1385, October: appointment of Edmund del
Clay, chief justice common bench, William Langham & Robert Mauleverer as
justices of seditions etc. in Cos. Kildare, Carlow, Kilkenny, Wexford,
Waterford, Tipperary, Cork & Limerick[161]
1385, October: custody given to Simon
Nevell of the manor and rents of Roscarloun, of which Philip Furlang died
seised by the mainprize of Matthew fitz Henry and William Boscher of Co.
Wexford[162]
1385, October: Edmund del Clay &
Richard Gyffard, appointed as justices itinerant to hear & determine all
pleas in Cos. Kildare, Carlow & Wexford[163]
1386, August: ratification of the estate
of John Hogan chaplain, keeper of the leper-house of St Mary Magdalene near
Wexford, with the rectory of Molrancan annexed, diocese of Ferns, has in the
custody of the said house and church[164]
1386, October: licence to William Sygyn,
Thomas Mernagh and John Wayt to buy six weys of wheat, winter barley and oats
in Co. Wexford, load them in ships and transport them to the city of Cork by
the mainprise of Robert le Hore and Thomas Admot as the citizens of Cork are
surrounded by sterile countryside = December 1386 licence to Gregory Hore to
buy eight weys of wheat and oats, and convey them to Cork or Kinsale, by
mainprize of Hugh Rochefort of Co. Wexford = March 1386/7 licence to Hugh
Rochefort to buy 3 weys of wheat and 3 weys of oats in any port in Co. Wexford,
and to transport by sea to Cork and Kinsale and the neighbouring parts[165]
1386/7, February: Countess of Norfolk
made indenture with William de Beauchamp, keeper of the estates in Pembroke and
elsewhere in Wales (made keeper in March 1377/8), to grant the whole estate to
John Hastings[166]
1387, January: custody granted to David
Wogan (by mainprize of Thomas Whitey of Co. Wexford and Richard Bossher of Co.
Kildare) of the lands of Richard Whitey in Co. Wexford, held of the inheritance
of John Hastings, Earl of Pembroke, deceased, held by Richard's death on
minority of Patrick, his son and heir; to have during pleasure = April 1387
custody granted to Hugh Rochefort of the land of Richard son of Richard Whitey
until heir is of age = David Wogan to interfere no further[167]

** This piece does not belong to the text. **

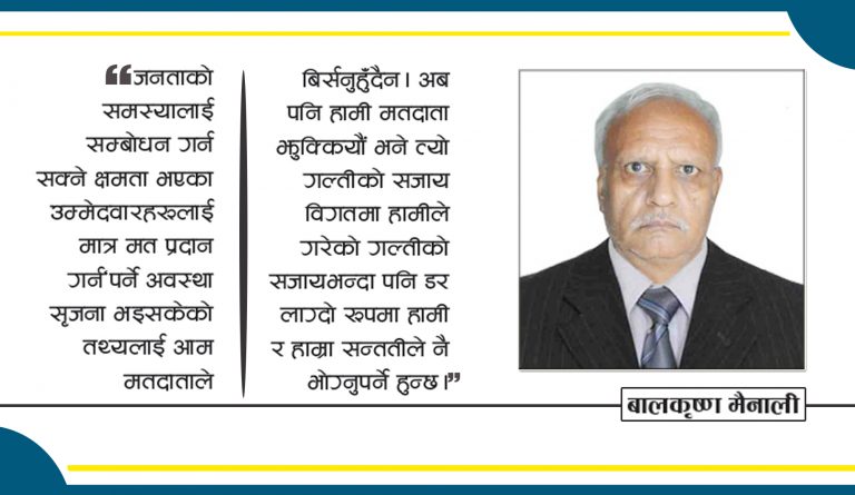 आम मतदातासमक्ष अहिले आएर एउटा गम्भीर प्रश्न खडा भएको छ । त्यो के हो भने, अब निर्वाचनको विषयलाई लिएर कुनै पनि दलको प्र्रतिनिधि वा स्वतन्त्रै व्यक्ति भए पनि मत माग्न आएका बखत ती उम्मेदवारसमक्ष केही गम्भीर प्रश्नहरु आम मतदाताहरुले राख्नै पर्दछ । जुन स्थानको लागि जनप्रतिनिधिको लागि मत माग्न आएका हुन्छन्, सम्बन्धित स्थानीयवासीले त्यो मत माग्न आउने उम्मेदवारको नालीबेली पत्ता लगाउनै पर्दछ र त्यसको जानकारी सबै स्थानीय मतदाताहरुसमक्ष पुर्याउनै पर्दछ । यदि यो कुरामा अब पनि स्थानीय मतदाता चुकेमा त्यसको गम्भीर परिणाम भोग्नुपर्ने हुन्छ । यस मानेमा अहिलेदेखि नै आफ्नो मनस्थितिलाई जो जुन दल वा स्वतन्त्रबाट उठेको भए तापनि उम्मेदवारको विषयमा दलको चिह्न मात्र नहेरी उम्मेदवारकै विषयमा व्यापक सोधखोज र अनुसन्धान गरेर जनताको समस्यालाई सम्बोधन गर्न सक्ने क्षमता भएका उम्मेदवारहरूलाई मात्र मत प्रदान गर्नुपर्ने अवस्था सृजना भइसकेको तथ्यलाई आम मतदाताले बिर्सनुहुँदैन । अब पनि हामी मतदाता झुक्कियौं भने त्यो गल्तीको सजाय विगतमा हामीले गरेको गल्तीको सजायभन्दा पनि डर लाग्दो रूपमा हामी र हाम्रा सन्ततीले नै भोग्नुपर्ने हुन्छ ।

1387, May: custody given to James
Freynshe of 40 acres of land in Balyell, Co. Wexford, which belonged to William
Cadde, deceased = who held in chief of the heir of the earl of Pembroke deceased,
a minor in the King's custody = in hands of the marquis by William's death and
the minority of his heir; to have during pleasure[168]
1387, June: licence for Henry Lane and
John White, citizens of Waterford, to load eight tuns of salmon in a ship in
any port in Wexford or Waterford, and transport them to England[169]
1388: died John Bromwich (1380
justiciar), second husband of Elizabeth, daughter and co-heir of John Comyn by
his wife Joan, sister of Aymer de Valence, Earl of Pembroke, Lord of Wexford[170]
1388: John le Scrope (son of Henry, 1st
baron Scrope of Masham) married Elizabeth, eldest daughter and co-heir of
David, Earl of Athol
1398, May: Martin Godde, ex-sheriff of Co.
Wexford to deliver to Simon Nevyll all writs as the new sheriff[171]
1389, June: appointment of Thomas
Swetman and Matthew fitz Henry as justices to inquire about seditions and lands
due to the king in Cos. Wexford and Waterford[172]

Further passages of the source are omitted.